## [WHAT THE TASK REQUIRES]
After finding the line containing "Matite esagonali dal" below, please output that line and each following one through the line containing "餐廳橫跨大樑,以棧木樓板及假", exactly as written.

## [EXTRACTED RECORDS]
--
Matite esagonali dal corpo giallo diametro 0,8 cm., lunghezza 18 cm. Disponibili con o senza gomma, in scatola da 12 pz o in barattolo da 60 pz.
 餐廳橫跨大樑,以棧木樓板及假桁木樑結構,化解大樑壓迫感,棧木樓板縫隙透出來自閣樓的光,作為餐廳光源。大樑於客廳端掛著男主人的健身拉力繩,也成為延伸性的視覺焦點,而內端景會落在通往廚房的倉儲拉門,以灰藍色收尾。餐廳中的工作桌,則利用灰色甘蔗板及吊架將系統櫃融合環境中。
--
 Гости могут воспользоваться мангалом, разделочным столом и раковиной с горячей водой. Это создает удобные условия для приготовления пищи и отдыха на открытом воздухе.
--
## [RESPONSE]
Matite esagonali dal corpo giallo diametro 0,8 cm., lunghezza 18 cm. Disponibili con o senza gomma, in scatola da 12 pz o in barattolo da 60 pz.
 餐廳橫跨大樑,以棧木樓板及假桁木樑結構,化解大樑壓迫感,棧木樓板縫隙透出來自閣樓的光,作為餐廳光源。大樑於客廳端掛著男主人的健身拉力繩,也成為延伸性的視覺焦點,而內端景會落在通往廚房的倉儲拉門,以灰藍色收尾。餐廳中的工作桌,則利用灰色甘蔗板及吊架將系統櫃融合環境中。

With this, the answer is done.